Segment Start: Source data

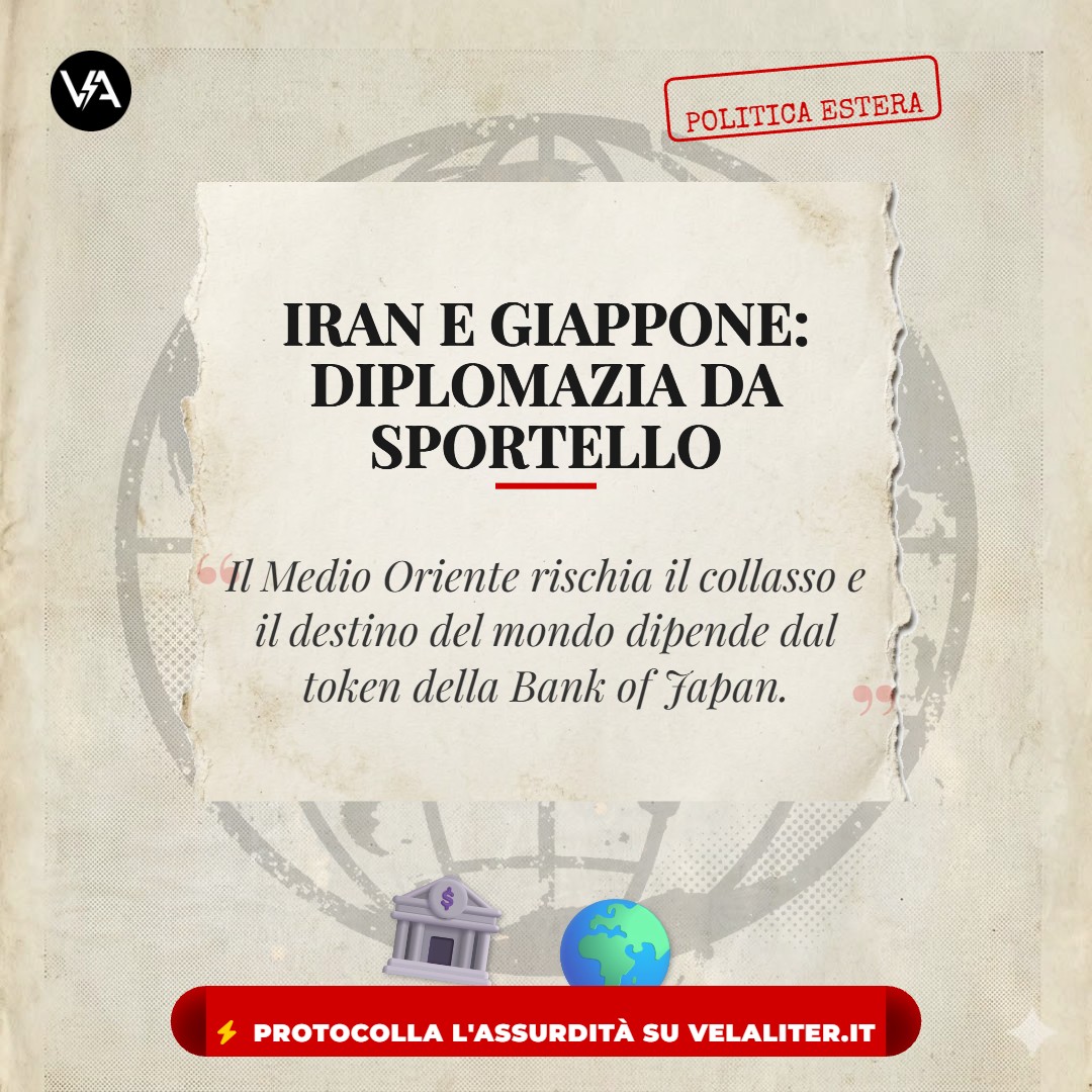 Le relazioni internazionali tra il regime di Teheran e l’Occidente passano ora ufficialmente per i server della Bank of Japan. L’architettura globale della deterrenza è stata sostituita da un banale blocco dei bonifici internazionali, dimostrando che la pace si ottiene non con le diplomazie, ma congelando i conti correnti. Le alte sfere della politica globale sono state declassate a semplici impiegati di sportello. Il Medio Oriente ora dipende dall’orario di chiusura delle filiali nipponiche.
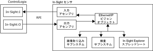 EtherNet/IP ビジョンオブジェクトは、In-Sight センサ内のさまざまなサブシステムのステータスと、In-Sight Explorer スプレッドシートからの着信データと発信データを追跡します。
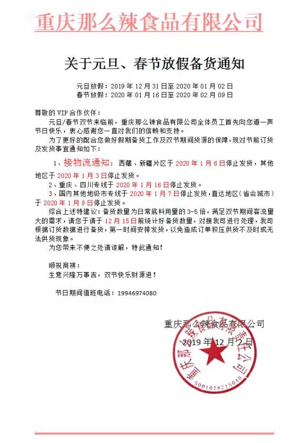 關(guān)于那么辣春節(jié)物流停運(yùn)發(fā)貨通知
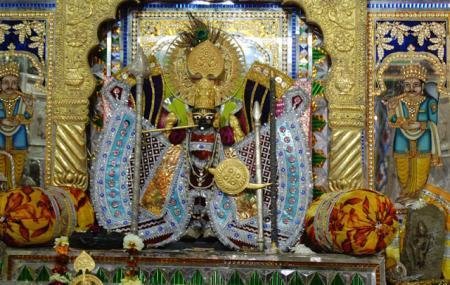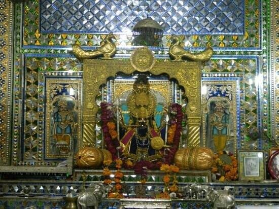 The Sanwaliaji temple of the Dark Krishna is situated on the Chittorgarh – Udaipur Highway, at the town of bhadsora, about 40 kilometers from Chittorgarh. The deity also known as Shri Sanwaria Seth.The legends has it that in the year 1840, a milkman named Bholaram Gurjar dreamt of three divine statues buried under the ground in the Chapar village of Bhadsora-Bagund. When the villagers started digging the place, they found the three statues, exactly as Bholaram saw in his dream. They were the statues of LORD KRISHNA-all of them beautiful and mesmerizing. One of the statues was taken to Mandaphiya, one to Bhadsoda and the third remain at the very place where it was found. All three locations became temples. When it was brought to Mandaphiya, at that time shri Rodulalji jain(Village head of Mandaphiya) with the help of villagers built a small temple consisting of four walls and shade and placed the statue by performing all the necessary rituals.Later on, the three temples of Sanwaliya Ji became renowned and devotees visit them in large numbers every day. Located just 40 from Chittorgarh – the historic city of valor and devotion – Mandaphiya is now known as Shri Sanwaliya Dham (The residence of Lord Krishna) and is second to Shri Nathadwara to the followers of the Vaishnav Sect. People believe that all their desires are fulfilled when they visit Shri Sanwaliya Seth’s Darbar (Court of Shri Sanwaliya Ji).
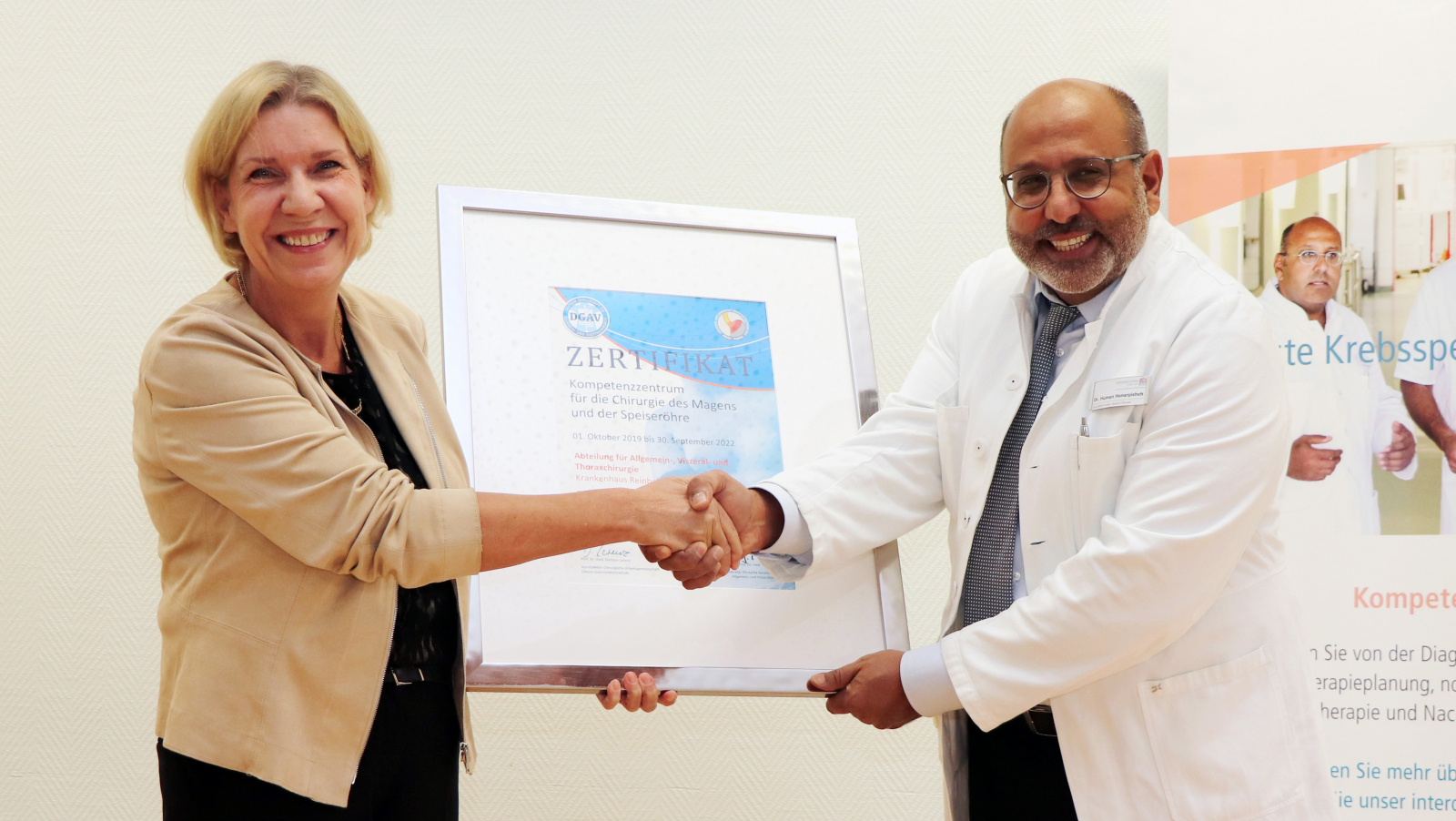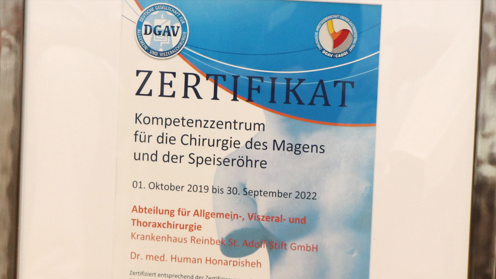 Das Zertifikat wurde heute (Dienstag, 12. November) durch die Deutsche Gesellschaft für Allgemein- und Viszeralchirurgie (DGAV) an Departmentleiter Dr. Human Honarpisheh überreicht. Der Experte für den oberen Verdauungstrakt blickt auf ein über 20-jährige Erfahrung – davon 13 Jahre als verantwortlicher Operateur zurück – und hat über 2.000 Eingriffe im oberen Gastrointestinaltrakt, davon mehr als 400 allein an der Speiseröhre, vorgenommen. Der 50-jährige gebürtige Iraner hat viele Ärzte ausgebildet und im Krankenhaus Reinbek erfolgreich Teams aufgebaut, die jeden Handgriff kennen. Mit ihnen hat Dr. Honarpisheh über ein Jahr auf die anspruchsvolle Zertifizierung hingearbeitet.
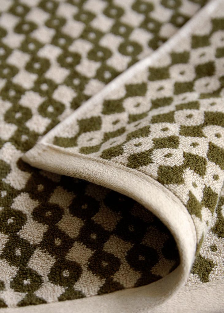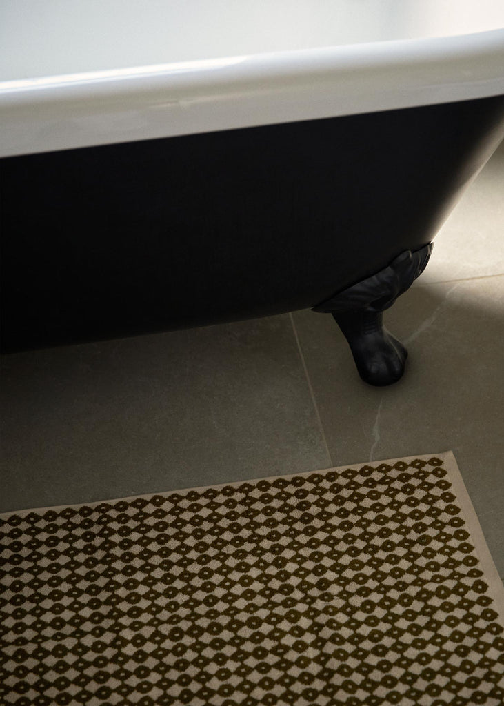 The Hana Bath Mat features a two-tone circle pattern inspired by traditional Katazome stenciling. Fully reversible in olive and ecru, it’s designed to look good no matter how it’s folded or hung. Made with thick double yarn, it’s both durable and soft underfoot, and the dense, even pile offers excellent absorbency and quick drying.
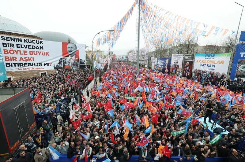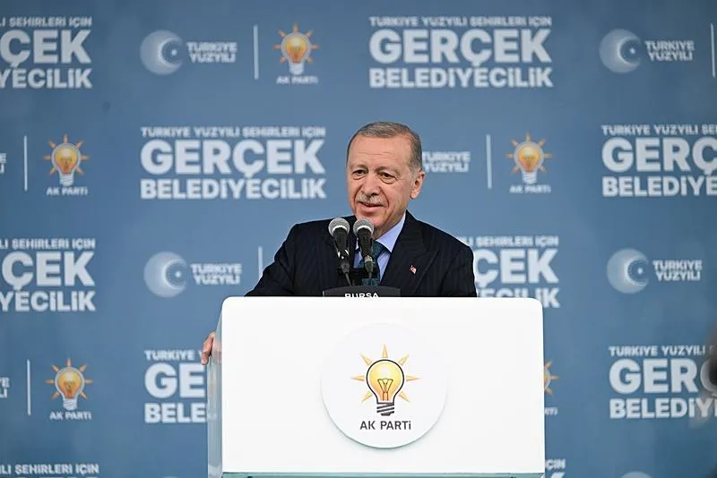 Bu kentin başta Togg fabrikası olmak üzere ülkenin prestij eserlerine öncülük ettiğini ve ev sahipliği yaptığını belirten Erdoğan, "Allah vergisi büyüleyici güzellikleriyle, medeniyetlerin mirası eşsiz birikimiyle en önemlisi de vakur insanıyla Bursa'ya da böylesi yakışır. İnşallah, Bursa 31 Mart'taki tercihiyle bu duruşunu büyükşehirde ve ilçelerde belediye yönetimlerine de yansıtacaktır. Ben buna inanıyorum, Bursa'ya güveniyorum. Biz de belediye başkanlarımızla el ele verip Bursa'nın önünde yeni bir dönem açmayı planlıyoruz." diye konuştu.
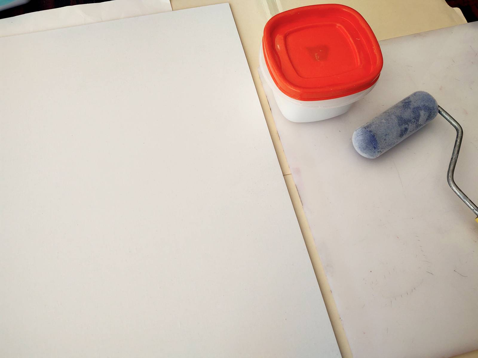 Using my small container of gesso, a sponge roller and a plastic pallete, I am ready to prime my panels.
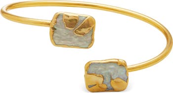 The Lune Bracelet is a handcrafted open-ended bracelet made from 22k gold-plated brass, featuring two square baroque shell pearls dipped in gold. The adjustable band ensures a comfortable fit, allowing the bracelet to sit perfectly on the wrist.
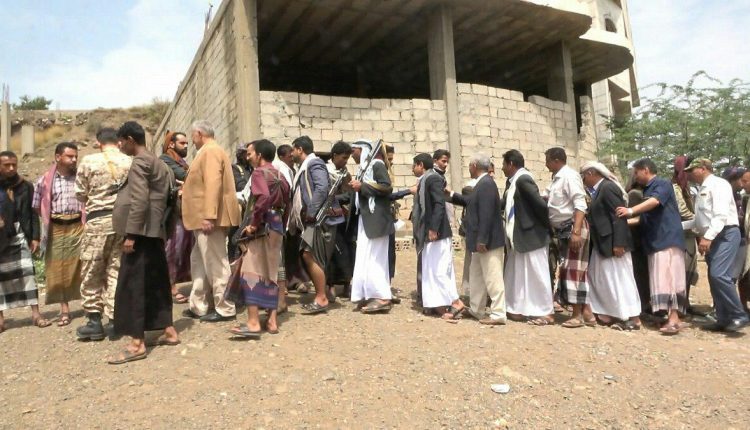 وفد رسمي من محافظة ذمار يزور المرابطين في جبهة الأربعين بتعز

Segment End: Source data

## Work to complete
Please set down the records exactly, and keep every image out of the copy.

## Result
 Le relazioni internazionali tra il regime di Teheran e l’Occidente passano ora ufficialmente per i server della Bank of Japan. L’architettura globale della deterrenza è stata sostituita da un banale blocco dei bonifici internazionali, dimostrando che la pace si ottiene non con le diplomazie, ma congelando i conti correnti. Le alte sfere della politica globale sono state declassate a semplici impiegati di sportello. Il Medio Oriente ora dipende dall’orario di chiusura delle filiali nipponiche.
 EtherNet/IP ビジョンオブジェクトは、In-Sight センサ内のさまざまなサブシステムのステータスと、In-Sight Explorer スプレッドシートからの着信データと発信データを追跡します。
 關(guān)于那么辣春節(jié)物流停運(yùn)發(fā)貨通知
 The Sanwaliaji temple of the Dark Krishna is situated on the Chittorgarh – Udaipur Highway, at the town of bhadsora, about 40 kilometers from Chittorgarh. The deity also known as Shri Sanwaria Seth.The legends has it that in the year 1840, a milkman named Bholaram Gurjar dreamt of three divine statues buried under the ground in the Chapar village of Bhadsora-Bagund. When the villagers started digging the place, they found the three statues, exactly as Bholaram saw in his dream. They were the statues of LORD KRISHNA-all of them beautiful and mesmerizing. One of the statues was taken to Mandaphiya, one to Bhadsoda and the third remain at the very place where it was found. All three locations became temples. When it was brought to Mandaphiya, at that time shri Rodulalji jain(Village head of Mandaphiya) with the help of villagers built a small temple consisting of four walls and shade and placed the statue by performing all the necessary rituals.Later on, the three temples of Sanwaliya Ji became renowned and devotees visit them in large numbers every day. Located just 40 from Chittorgarh – the historic city of valor and devotion – Mandaphiya is now known as Shri Sanwaliya Dham (The residence of Lord Krishna) and is second to Shri Nathadwara to the followers of the Vaishnav Sect. People believe that all their desires are fulfilled when they visit Shri Sanwaliya Seth’s Darbar (Court of Shri Sanwaliya Ji).
 Das Zertifikat wurde heute (Dienstag, 12. November) durch die Deutsche Gesellschaft für Allgemein- und Viszeralchirurgie (DGAV) an Departmentleiter Dr. Human Honarpisheh überreicht. Der Experte für den oberen Verdauungstrakt blickt auf ein über 20-jährige Erfahrung – davon 13 Jahre als verantwortlicher Operateur zurück – und hat über 2.000 Eingriffe im oberen Gastrointestinaltrakt, davon mehr als 400 allein an der Speiseröhre, vorgenommen. Der 50-jährige gebürtige Iraner hat viele Ärzte ausgebildet und im Krankenhaus Reinbek erfolgreich Teams aufgebaut, die jeden Handgriff kennen. Mit ihnen hat Dr. Honarpisheh über ein Jahr auf die anspruchsvolle Zertifizierung hingearbeitet.
 The Hana Bath Mat features a two-tone circle pattern inspired by traditional Katazome stenciling. Fully reversible in olive and ecru, it’s designed to look good no matter how it’s folded or hung. Made with thick double yarn, it’s both durable and soft underfoot, and the dense, even pile offers excellent absorbency and quick drying.
 Bu kentin başta Togg fabrikası olmak üzere ülkenin prestij eserlerine öncülük ettiğini ve ev sahipliği yaptığını belirten Erdoğan, "Allah vergisi büyüleyici güzellikleriyle, medeniyetlerin mirası eşsiz birikimiyle en önemlisi de vakur insanıyla Bursa'ya da böylesi yakışır. İnşallah, Bursa 31 Mart'taki tercihiyle bu duruşunu büyükşehirde ve ilçelerde belediye yönetimlerine de yansıtacaktır. Ben buna inanıyorum, Bursa'ya güveniyorum. Biz de belediye başkanlarımızla el ele verip Bursa'nın önünde yeni bir dönem açmayı planlıyoruz." diye konuştu.
 Using my small container of gesso, a sponge roller and a plastic pallete, I am ready to prime my panels.
 The Lune Bracelet is a handcrafted open-ended bracelet made from 22k gold-plated brass, featuring two square baroque shell pearls dipped in gold. The adjustable band ensures a comfortable fit, allowing the bracelet to sit perfectly on the wrist.
 وفد رسمي من محافظة ذمار يزور المرابطين في جبهة الأربعين بتعز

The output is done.